Un sourire espiègle se dessina sur ses lèvres. «Alors…si tu connais si bien la chanson… Est-ce que tu acceptes de faire un duo avec moi?»

«D'accord!», s'exclama-t-elle avec joie. Le shamisen reprit.

«Est-ce du brouillard ou des nuages ? Parfum dans le soleil du matin. Cerisiers, cerisiers…Fleurs en pleine floraison»

Rin était soudainement absorbée par la chanson. Elle pensa à sa défunte mère, et à son vieil arbre en fleur dans le jardin. Elle pensa à Sesshomaru, à la couleur des fleurs … et à la couleur de ses yeux… au levé du soleil. Elle pensa aux efforts gargantuesques qu'il avait fait pour la réconforter, elle se rappela sa dernière étreinte.

Shippo n'en croyait pas ses yeux. Il vit quelques personnes jeter des regards curieux à leur petit spectacle. Quelques femmes avec leurs enfants s'agglutinèrent autour d'eux, pour assister à la performance. Le youkai remarqua même quelques pièces lancées à leur pied.

Il n'y avait aucun doute, —malgré les vilaines rumeurs — Rin captivait la foule. Sa voix douce et son regard mélancolique hypnotisaient les passants.

«Cerisiers, cerisiers, A travers le ciel de printemps, Aussi loin qu'on peut voir. Est-ce du brouillard ou des nuages ? Parfum dans l'air. Viens maintenant, viens, Regardons enfin !», termina la jeune femme. Elle fixa avec surprise les quelques passants qui s'étaient arrêté et qui applaudissaient pour elle.

«C'était génial! Il faut absolument qu'on fasse un duo au festival!», s'exclama Shippo.

«Oh… je ne sais pas! Il faudrait que je chante devant beaucoup de monde, n'est-ce pas?», s'inquiéta Rin.

«Mais il le faut! Je ne savais pas que tu chantais aussi bien! Tu deviendrais célèbre à coup sûr!», renchérit Shippo

«Tu crois?», s'enquit Rin, en fixant le sol.

Avant que Shippo ne puisse répondre, une créature ailée se posa tout juste devant Rin. Son visage s'illumina.

«Ah-Un, tu es revenu!», s'exclama-t-elle. Elle eut presque envie d'hurler quand elle vit le bout de papier accroché au cou du dragon. Elle le prit et le cacha dans son obi.
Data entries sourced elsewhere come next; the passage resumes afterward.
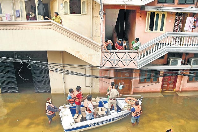 HYDERABAD: Even two days after the great deluge, at least 100 colonies in Hyderabad continued to be under water. Waterlogging persisted in areas under LB Nagar, Malakpet, Chandrayangutta, Karwan, Serilingampalli and and Malkajgiri circles of the GHMC. Unable to move out, people were hit hard as power shutdowns added to their misery.
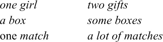 Some quantity words can he used only with uncountable nouns, with countable singular nouns, or with countable plural nouns. Others can be used with both uncountable nouns and countable plural nouns. Refer to the following chart for correct usage.
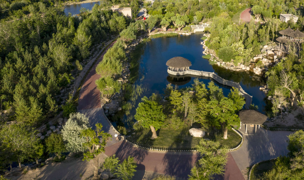 坐落在寧夏銀川市賀蘭山腳下的賀蘭山運(yùn)動(dòng)休閑公園(2021年5月27日攝,無人機(jī)照片)。這里曾是一片砂石采礦塌陷區(qū),當(dāng)?shù)赝ㄟ^植被景觀再造、水系建設(shè)、現(xiàn)代管網(wǎng)鋪建等手段,重新利用廢石、廢坑及各類廢棄建筑材料,把這里變成一座免費(fèi)開放的主題公園。新華社記者 馮開華 攝

«Allez! Viens Ah-Un! Allons à la source, pour que tu puisses te désaltérer!»

Sous les regards surpris de Shippo et des passants, elle quitta sans même dire au revoir.

«Et oh! Riiin! N'oublie pas notre entente!»

«Quelle entente?», cria Rin au loin.

«Le festival!»

«Je vais y réfléchir!», se contenta-t-elle de répondre, en disparaissant de sa vue.

Shippo rangea son shamisen, et ramassa les quelques sous qui jonchaient le sol. Rin…sa voix était si mélodieuse et si triste à la fois. Il ignorait ce qui pouvait lui inspirer une telle mélancolie… mais ironiquement, il se doutait que c'était cette même tristesse qui allait lui permettre d'être sélectionné pour le festival, ce qu'il souhaitait à tout prix!

… Et ce qui ne ferait pas trop de mal à Rin non plus…

Rin,

Tu avais raison. Je suis d'humeur massacrante ces temps-ci. Je ne parlerai pas de l'état de Jaken…

Les réparations sont très pénibles…

Tu veux jouer aux devinettes? C'est mon tour maintenant.

Tu es sûrement vexée, parce que j'ai pris un peu de temps à te répondre. Mais c'était une nécessité. Tu as été si pressée de

m'écrire que tu n'as pas laissé Ah-Un se reposer. Le pauvre était dans un piteux état quand il est arrivé ici.

Rin, saches qu'Ah-Un n'est pas un jeune dragon, il prend de l'âge. Il faut lui laisser le temps de se reposer, sinon, il risque de

s'éteindre prématurément…raison pour laquelle j'ai pris quelques jours avant de terminer cette lettre. Maintenant que tes

inquiétudes et appréhensions sont dissipées… puisque tu comprends la cause de mon retard… je vais poursuivre…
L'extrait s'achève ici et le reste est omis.